All Gurus Are Expendable

All Gurus Are Expendable

By 2026, anyone serious about health and wellness owes their audience one foundational admission: they are working on themselves too. Constantly. That is not a disclaimer. That is the whole point. Life for every creature on earth is constant effort. Even sleep, the great restoration, is the dividend paid out by the architecture of effort that preceded it. The body never stops working. The question is only whether the work is conscious or not.

We have learned remarkable things. We have learned to stimulate ourselves into extraordinary performance, to build enormous physical capacity, to run distances that would have seemed impossible to previous generations, to organize our lives with tools that extend the reach of the human mind. All of that is real and worth honoring. But the next level of human development is not more stimulation, more optimization, more hacking. It is the recognition that we have been outsourcing our authority to the wrong people.

Not teachers. Teachers are valuable. Coaches, mentors, experienced athletes, seasoned entrepreneurs, parents who have actually lived something, people who have earned their knowledge through direct experience and are willing to share it without agenda, these people matter. The distinction I am drawing is between a teacher and a guru. A teacher points you toward yourself. A guru points you toward them. And that difference, seemingly subtle, is actually everything.

The guru model holds humanity back because it relocates responsibility. When you deify someone, when you turn a human being into a saint or a prophet or an authority beyond question, you quietly absolve yourself of the work. You become a follower rather than a student. You stop asking whether something is true and start asking whether your guru approves of it. That is not awakening. That is a more comfortable version of being asleep.

I speak about this with some authority, not because I am exempt from it, but because I have lived both sides. I know what it is to follow people like me. I know the dangers of becoming a fan, a fanatic, a devotee of anyone who speaks with enough confidence about things that matter to you. They are human. They are working through their own material. They have blind spots and bad days and things they have not figured out yet, the same as everyone else. Look at them with curiosity, not reverence. Ask them how they do what they do. Write the answers down. Teach them to someone else. Keep asking better questions.

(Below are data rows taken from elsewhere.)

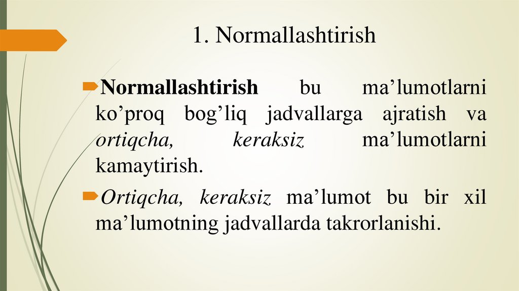 1. NormallashtirishNormallashtirish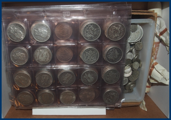 1 kr -1942 (40 st), 1 kr -1968 (44 st), 5 kr (19 st), 50 öre nyare (21 st), 25 öre nyare (23 st) samt 10 öre (75 st). I botten av lådan även ca 6 kg blandade mest svenska mynt samt kuvert med några 5/10 kr sedlar (80 kr).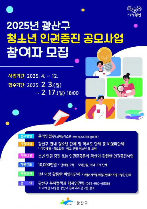 ±¤»ê±¸´Â 17ÀϱîÁö Áö¿ª¿¡¼ Ȱµ¿Çϴ û¼Ò³â ´Üü, Çкθð ´Üü µîÀ» ´ë»óÀ¸·Î »ç¾÷¿¡ Âü¿©ÇÒ ´Üü¸¦ °ø°³ ¸ðÁýÇÑ´Ù.

The next generation is always smarter. That is not a threat to the current one. It is the whole point of having a current one. Our ancient relatives were geniuses. The knowledge they developed about the mind, the body, the nature of suffering, the conditions for genuine wellbeing, that knowledge is real and it is irreplaceable. We are standing on their shoulders. The work now is to carry that knowledge forward without distorting it, without turning it into a brand, without building a personality cult around whoever happens to be translating it this decade.

There are people in this world who hold the ancient knowledge and live it with integrity. There are others who abuse it or ignore it entirely. It is not my job to sort those people into categories and issue verdicts. My job is to concentrate on myself, to share what I know fearlessly and without concern for whether it makes me popular, and to be honest about the fact that I am still figuring things out too.

That is a teacher. That is all any of us should be asking of each other.